The Board intends to meet regularly to review, formulate and approve the Group’s strategy, budgets, corporate actions and oversee the Group’s progress towards its goals of long-term sustainable success, generation of shareholder value and contributions to the wider society. The Company has established an Audit Committee and a Remuneration Committee, each with formally delegated duties and responsibilities and with written terms of reference. The activities normally performed by a Nominations Committee will be covered by the full Board.
The Company reviews its compliance with the recommendations of the QCA Code, and reports in its annual report, and on this website, where it complies and explain where it does not comply.
The Skillcast Audit Committee has the primary responsibility of monitoring the quality of internal controls to ensure that the financial performance of the Group is properly measured and reported on and to ensure the Group’s key risks are identified and monitored. It receives and reviews reports from the Group’s management and external auditors relating to the interim and annual accounts and the accounting and internal control systems in use throughout the Group. The Audit Committee meets not less than twice in each financial year and has unrestricted access to the Group’s external auditors. The Audit Committee comprises at least two members of whom both shall be independent Non-Executive Directors and one shall have recent and relevant financial experience with competence in accounting or auditing. The chair of the Audit Committee is Sally Tilleray and its other members are Richard Amos and Isabel Napper.
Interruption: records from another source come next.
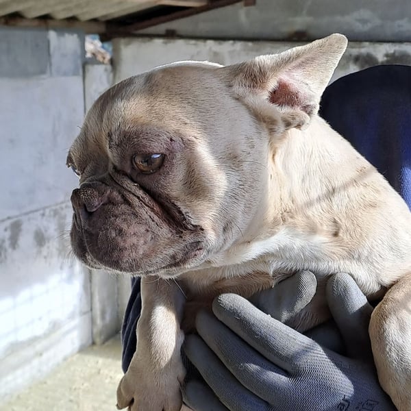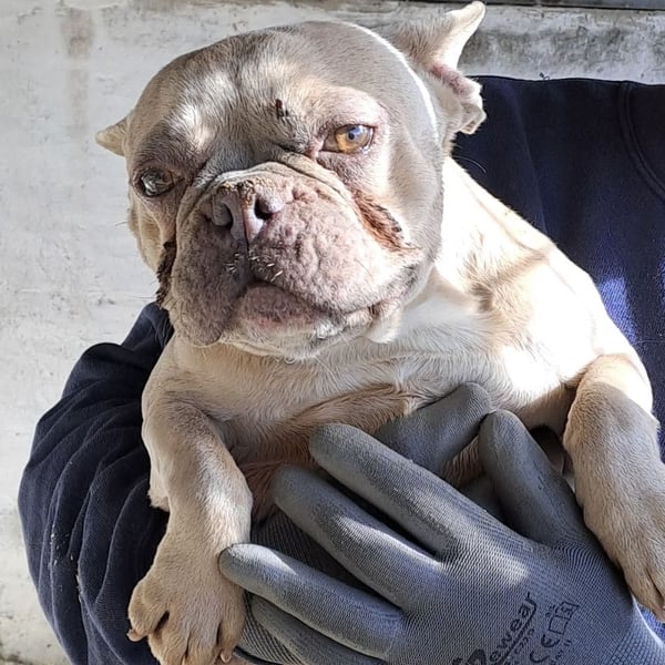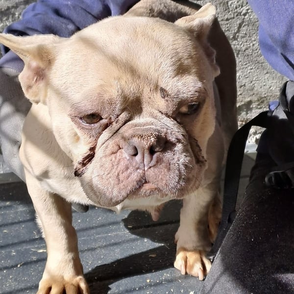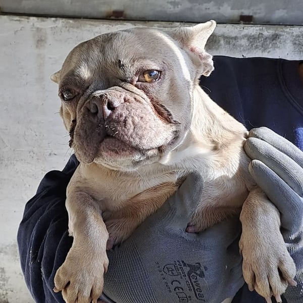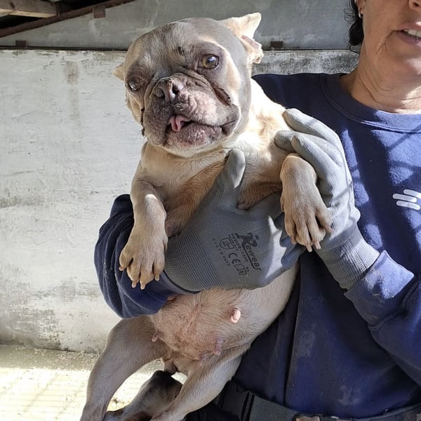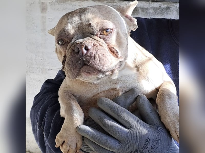 Nun sucht sie ein liebes Zuhause mit Menschen, die sich um sie kümmern möchten, möglichst mit Bulldoggen Erfahrung.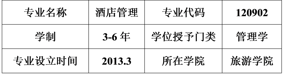 本专业坚持实施“国际化”、“社会化”教育战略,旨在培养具有国际视野、跨文化沟通能力强、酒店专业基础扎实,掌握现代酒店经营管理的理论、方法和手段,具有创新精神和创业能力的中高层酒店及现代服务业管理人才。
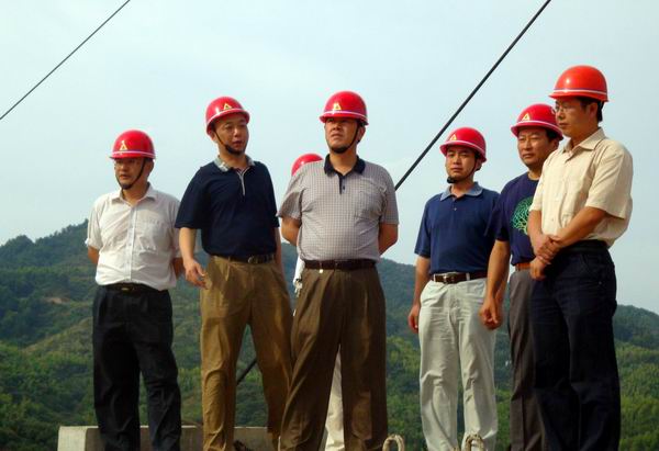程廳長一行一到項目部就馬不停蹄地來到施工現場,一邊詢問施工進展情況,一邊現場查看和指導。程廳長在肯定項目前期安全工作成績的同時,對金桃大橋后期施工安全防范和安全措施提出了具體要求和指導意見。一是后期施工一定要把安全工作放在首位,工期必須服從安全、質量要求;二是要對纜索吊系統進行一次全面的安全隱患排查;三是要注意結構件堆放分布合理;四是要合理安排一線工人作息時間,避開高溫時間施工,以防中暑等;程廳長還對安徽路橋在金桃大橋建設中做出的努力給予了高度評價。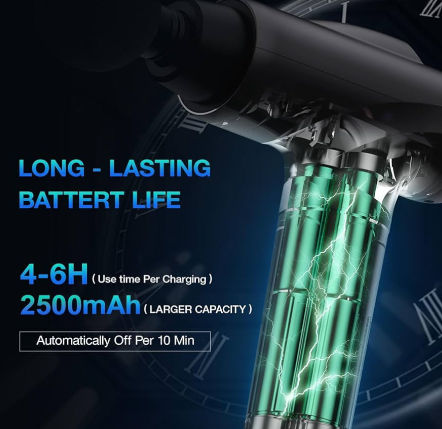 🔋(Rechargeable Battery & Smart LED Display): Powered by a rechargeable battery, our deep muscle massager gun runs for several hours straight. The built-in display shows off speed and battery percentage, so you always know when to charge.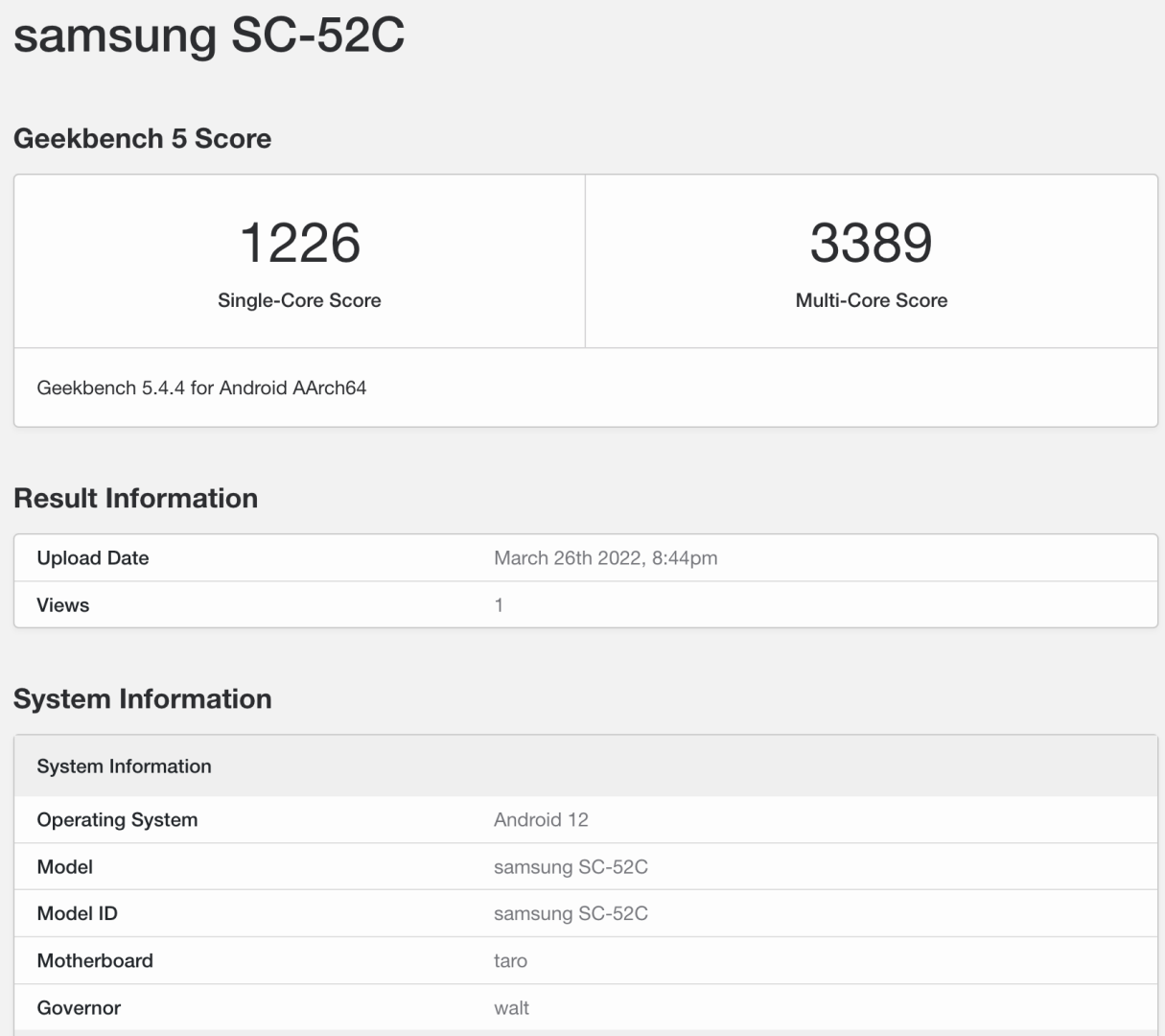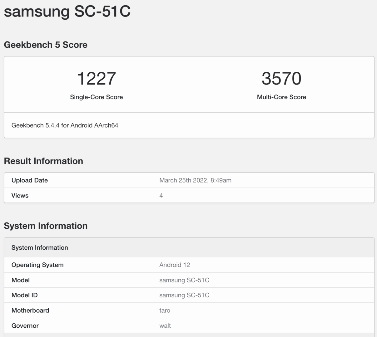 ドコモから発売されるGALAXY S22がgeekbench上に現れました。

The Remuneration Committee (i) reviews the performance of the Executive Directors and senior managers, (ii) makes recommendations to the Board on matters relating to their remuneration and terms of service and (iii) develops and maintains procedures for making recommendations for succession planning. The Remuneration Committee also reviews gender pay data and make recommendations to the Board on proposals for the granting of share options and other equity incentives pursuant to any employee share option scheme or equity incentive plans in operation from time to time. The Remuneration Committee meets as and when necessary, but at least twice each year. The Remuneration Committee comprises at least two independent Non-Executive Directors. The Chair of the Remuneration Committee is Isabel Napper, and its other members are Richard Amos and Sally Tilleray. No director or manager is involved in any decisions as to their own remuneration.